ポーランドではインターネット上の言論の自由を守るため、巨大IT企業に対し制限を設ける動きが出ている。ポーランドのズビグニエフ・ジョブロ(Zbigniew Ziobro)法務大臣は、「ソーシャルメディアのユーザーは、自分たちの権利が保護されていると感じなければならない。表現に対する検閲はあり得ない。言論と討論の自由は民主主義の本質である」と強調した。
ポーランドメディア「Benchmark.pl」によると、法律立案を監督するセバスティアン・カレタ(Sebastian Kaleta)副法務大臣は、巨大IT企業による蹂躙から利用者を守るための規制を設ける時が来たと宣言した。

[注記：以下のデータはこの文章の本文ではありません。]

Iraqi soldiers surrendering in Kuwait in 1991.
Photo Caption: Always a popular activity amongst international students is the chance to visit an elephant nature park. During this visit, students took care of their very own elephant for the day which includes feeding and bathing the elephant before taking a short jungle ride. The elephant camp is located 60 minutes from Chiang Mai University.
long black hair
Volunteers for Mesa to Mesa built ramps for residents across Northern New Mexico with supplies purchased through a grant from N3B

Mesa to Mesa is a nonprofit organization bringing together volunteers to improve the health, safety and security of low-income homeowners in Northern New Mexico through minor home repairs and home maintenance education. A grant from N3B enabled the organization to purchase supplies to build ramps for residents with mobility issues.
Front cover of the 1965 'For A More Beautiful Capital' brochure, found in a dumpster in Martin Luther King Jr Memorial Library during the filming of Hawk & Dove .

カレタ氏によると、新しい法案により、ユーザーの権利を不当に侵害したソーシャルメディア企業に対し罰則を科することができるようになる。そして法律の運用はポーランドの司法当局にゆだねられる。ソーシャルメディアがユーザーの権利を不当に侵害し、裁判所の判決にも従わない場合、最高で220万ユーロ(約2.7億円)の罰金が科せられる可能性があるという。

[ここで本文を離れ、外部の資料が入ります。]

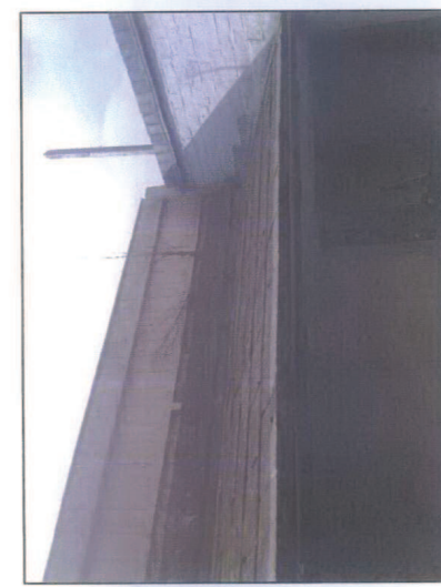
View from within private yard facing public footpath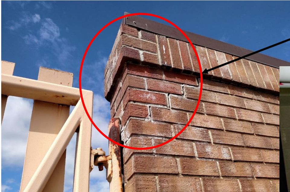
Gate rust and Brick Failure Sheridan - Deferred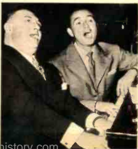
COMPOSER MACK GORDON and maestro Freddie Martin prove that they can sing out—as well as make tuneful music.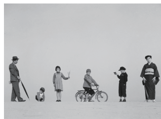
12 Shoji Ueda Dad, Mom and their children , 1949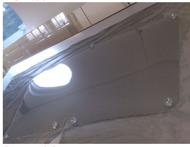
Easy to apply 2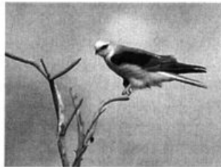
This White-tailed Kite, photographed 9 April 2005 in the Washington Fields, Washington County, Utah furnished the seventh documented record for the state and first in since 1992.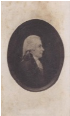
Alexander Hamilton (1755-1804)

The perils of this bankruptcy are best known to the soldiers fighting the war, especially George Washington and his principal aide-de-camp, Alexander Hamilton. Both men are Federalists, and together they push Congress to name a “Superintendent of Finance” to restore the American economy.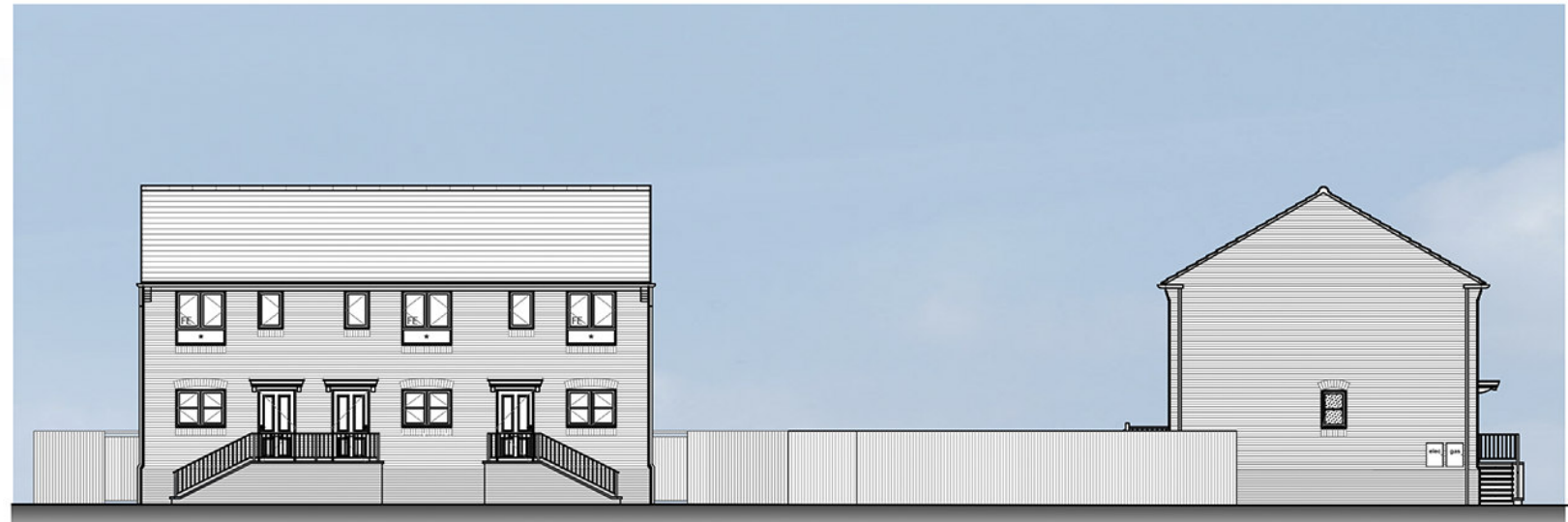
STREET SCENE G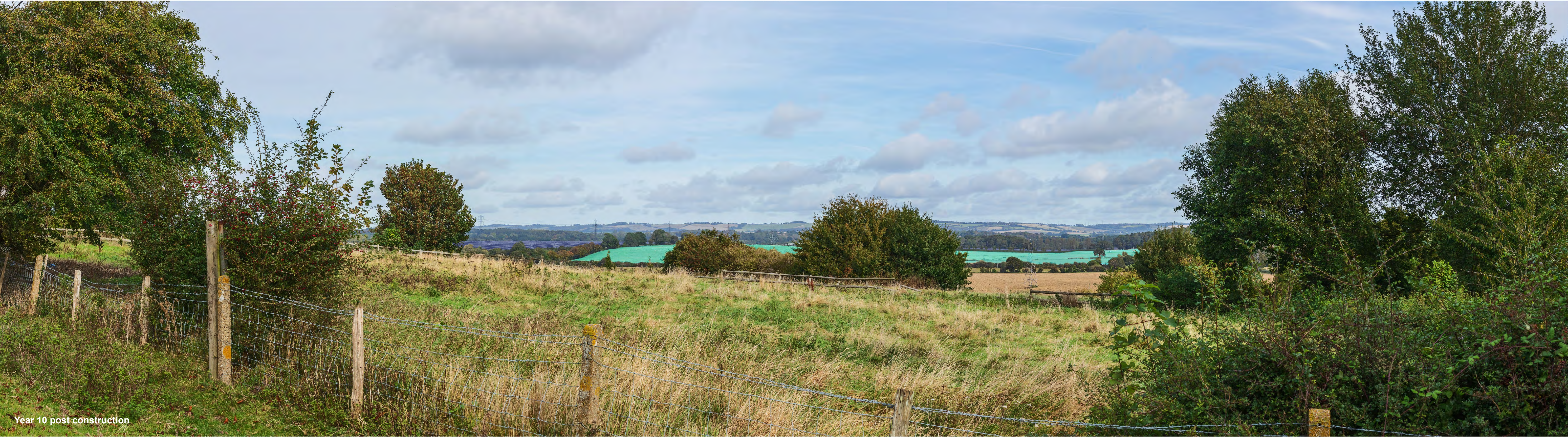
VIEWPOINT 6: Footpath AE477 near Grove Cottage, Aldington SEI FIGURE 11.11 Revision A – VP6 (Layout Refinement), area shaded cyan represents area excluded for ‘Broad visual amenity reasons’ (as per SEI Figure 11.10)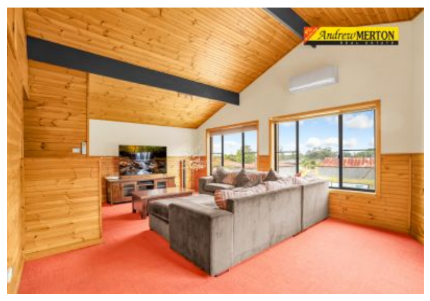
Hebersham, NSW 11 Merrina Street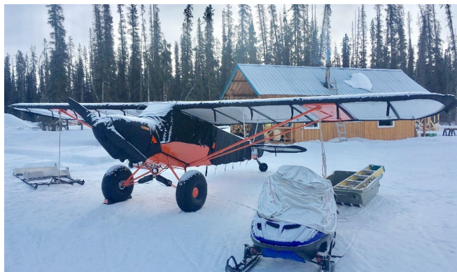
Piper PA-18 Super Cub Canopy Cover (Over-The-Top Style)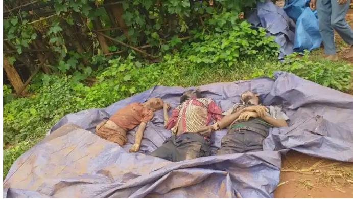
(a) Photograph of bodies belonging to members of a single family who were killed in the massacre. Names of the victims were as follows: Seyd Dawid (aged 11) (left), Sheikh Dawid Indris (middle), Mohammed Dawid (right).

ドイツやフランスなどの一部の国では、法律に違反した場合、ソーシャルメディアに数百万ドルの罰金を課す法律がすでに制定されているが、言論の自由を保護するための法的な試みはポーランドが初めてだ。
ユーザーに対する保護
法案が可決されれば、検閲に直面している報道機関やユーザーは法廷で救済を求めることができるようになる。検閲を受けた場合、ユーザーは不当な削除とアカウントの閉鎖に関して異議を申し立てる権利が与えられる。
さらに、ソーシャルメディアは、投稿されたコンテンツがポーランドの法律に違反していなければ、社内の裁量で投稿を削除したり、ユーザーのアカウントをブロックしたりすることはできなくなる。コンテンツを誤って削除された場合や、アカウントがブロックされた場合、ユーザーは異議を申し立てることができ、ソーシャルメディアは48時間以内に解決する必要がある。解決に失敗した場合は、ユーザーは特別に用意された裁判所に訴えることが可能であり、7日以内に審議される。